I think I know now. Americans haven’t become increasingly small-minded and intolerant all on our own. We have been divided against each other by social media, or rather by the organizations and political entities that use social media to turn us against each other.

And it’s been easy. Americans love money so much that we happily sell each other for parts. There are no brakes on our buy-and-sell culture where animals and natural resources are often worth more dead than alive, and the programming of a person’s mind looks more valuable than fostering independent thinking. This is American culture. This is who we are. Social media occupies the entire planet and programmers all over the world are working on what they hope will be the next TikTok or Instagram, but we started this. We Americans did.

In this state our society was hopelessly vulnerable to a virus that could only be contained with communal action and prioritizing the greater good. After 240 years of American hubris and 15 years of social-media-driven division there was no way we could have put our personal beliefs aside and acted in unison to effectively deal with the coronavirus.

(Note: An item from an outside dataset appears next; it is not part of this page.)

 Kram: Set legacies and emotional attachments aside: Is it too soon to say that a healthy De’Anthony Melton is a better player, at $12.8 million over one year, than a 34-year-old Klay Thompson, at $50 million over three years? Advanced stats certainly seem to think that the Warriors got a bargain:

We were effectively sitting ducks for COVID and still are. I can’t remember where I heard the theory (hey, it’s my first conspiracy blog post) that Russia wasn’t so much meddling in American affairs to get El Idiota elected. They just wanted to stir the pot enough to make us a dysfunctional nation, so mired in our loathing of each other that our legislators couldn’t pass a bill. Contributing to the election of Cheeto Jesus was a wonderful bonus for them. I’ve also heard the theory that the coronavirus was cooked up in a lab for release in the U.S. But it doesn’t matter if either of these theories has any truth or none at all. What’s happened is that the U.S. was an effectively dysfunctional nation by 2016 and the coronavirus has done us more damage than any other country on the planet.

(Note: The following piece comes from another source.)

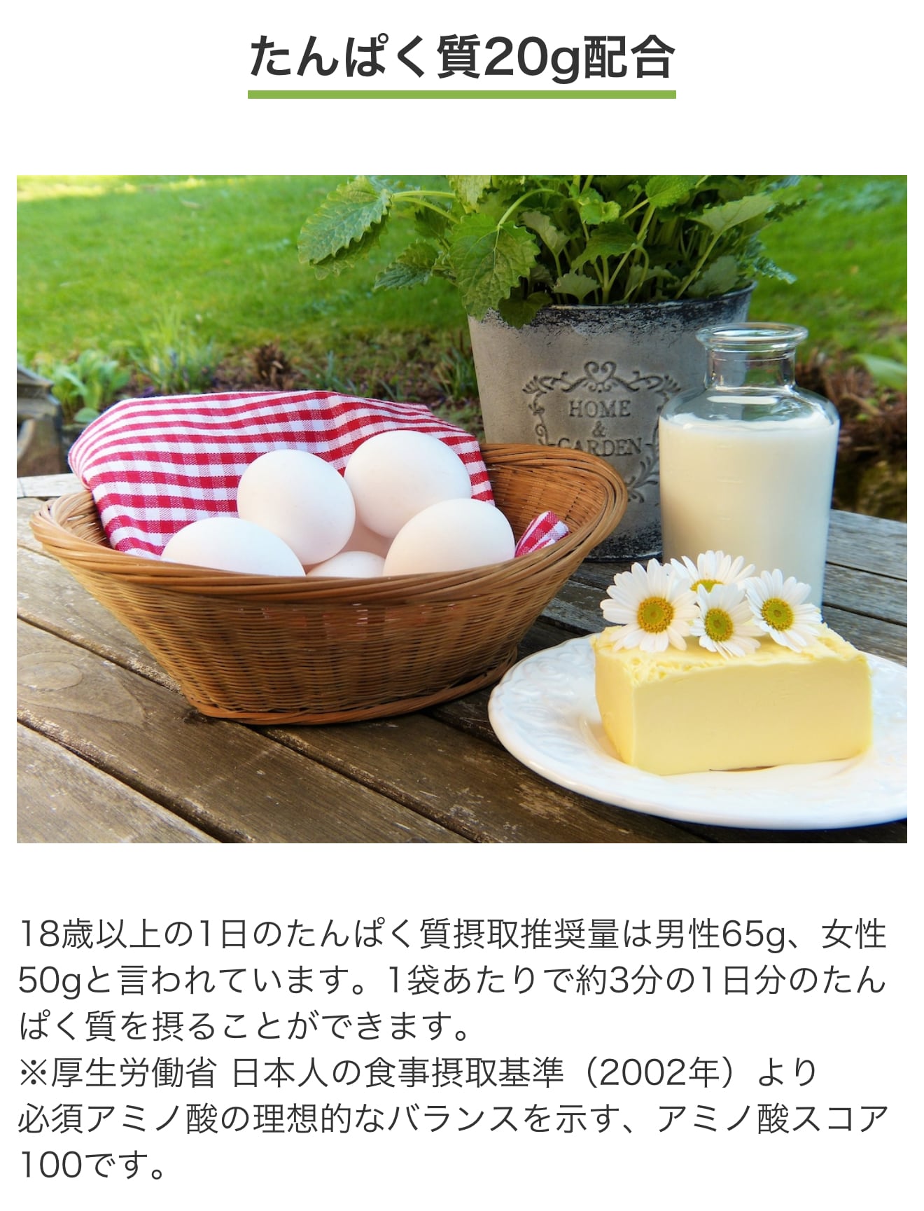 1袋で1食分のたんぱく質(20g)を摂ることができるので、食の細い方やダイエット中の方などの食事の置き換えとしてもおすすめです。

End of conspiracy theorizing.

I could go on about exactly when the U.S. started falling apart, but my point is that our failure as a nation was sped up by social media. We were heading in a bad direction, but our hatred of one another was exacerbated by those seductive platforms.

In The Social Dilemma one expert says she believes we will eventually fix the state of social media but it will take a long time. I don’t think we have that much time. We’ve reached the point at which Americans will vote against our own interests if it will cause those we hate to suffer, too. I believe that’s not even childish because most children won’t willingly hurt themselves just to also hurt someone else. I’m grappling for a metaphor that illustrates the size of the United States’ self-destruction. It’s as if we all have the power to give each other a serious disease and we keep doing things to spread it.